So last night something really interesting happening. I was asked to speak at a vigil commemorating Mike Brown’s unjustified death and supporting the protesters in Ferguson. That’s not the interesting thing. I was invited to do so by a group on campus that has very left-wing views and is predominantly made up of white men. The interesting part is that for a few weeks prior many of these same people acted as if I didn’t exist and my words did not matter. Suddenly my words mattered. They astonishingly had depth because I was able to speak on a subject that you presumed I know about. Here is what solidified my feelings about speaking. Before we started, the person who presented me asked me my name about three times so that he would remember it (we’ve been introduced about three or four other times). After me telling him my name three times, he introduced me wrongly. He gave me an entirely new name! He of course corrected himself with some help from others. However I couldn’t help but question my significance there. Here I was, giving the Black American perspective, and you couldn’t help to remember my name. Oh wait! You never knew my name. I was more of a figure piece. That’s just the guy who introduced me. The guy who asked me to speak is an actual prick.
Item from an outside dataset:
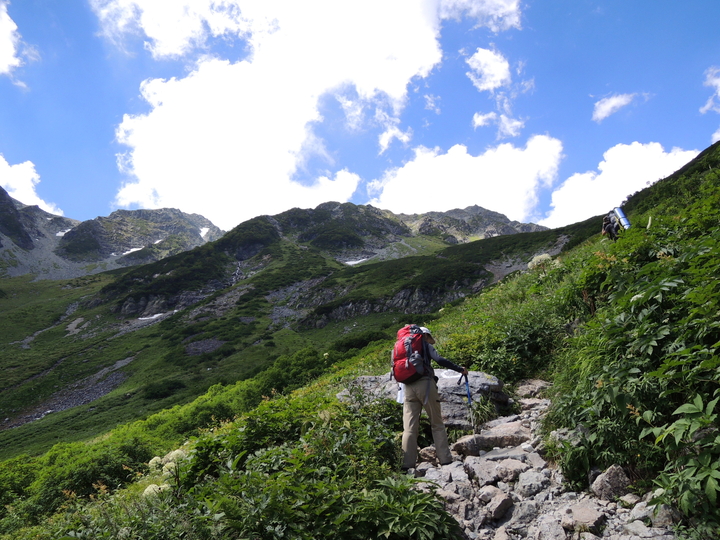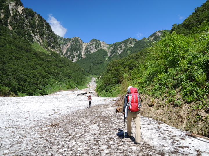 ルート上の雪渓はしっかりしていたので、踏み抜きの心配はなさそうだった。
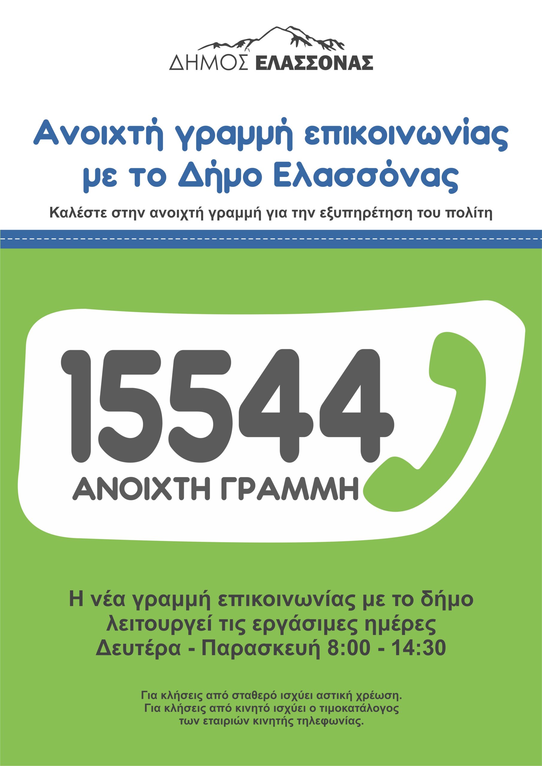 Για το λόγο αυτό έχει τεθεί σε λειτουργία η νέα ανοιχτή γραμμή επικοινωνίας με το Δήμο Ελασσόνας, το  πενταψήφιο νούμερο 15544, προκειμένου οι πολίτες να μπορούν να αναφέρουν προβλήματα για κάθε θέμα της καθημερινότητας που αποτελεί αρμοδιότητα του δήμου όπως:

The guy who asked me is extremely rude. He is the type of guy who studies the revolutionaries and adopts their principles, but he does not know when to stop talking and has a problem interrupting people. He is a typical man who can’t help but hear himself speak. He can’t handle that I’m a little deeper than I appear to be. When I meet certain types of people, I don’t reveal to them the true level of my intelligence. I know that I am smart and have always been, but I don’t feel the need to parade it in people’s faces. Besides you can’t discuss your love for Bell Hooks and respectability politics in Hip Hop with everyone. Back to this guy. Everyone around him does what he says and he treats people as if he has the highest level of intellect. I’m not the one. One day he interrupted me too many times while I was speaking so I had to put dat azz on lock and be out. You feel me? It’s safe to say I’m not a huge fan of these people.
The vigil was commemorative. I spoke about how Ferguson isn’t an isolated issue and I also made it clear that these privileged, posh white people have no fucking idea what is really going on. I appreciated them asking me. Even with all my politics surrounding this group, I would have preferred to hear my voice discuss the issue over theirs. However I do question my significance in being there. I guess I have to resolve it within myself.
Isn’t this the issue with a lot of blacks in predominantly white areas? We always have to reason and resolve our presence in race-related issues. Hmm I guess it’s some food for thought.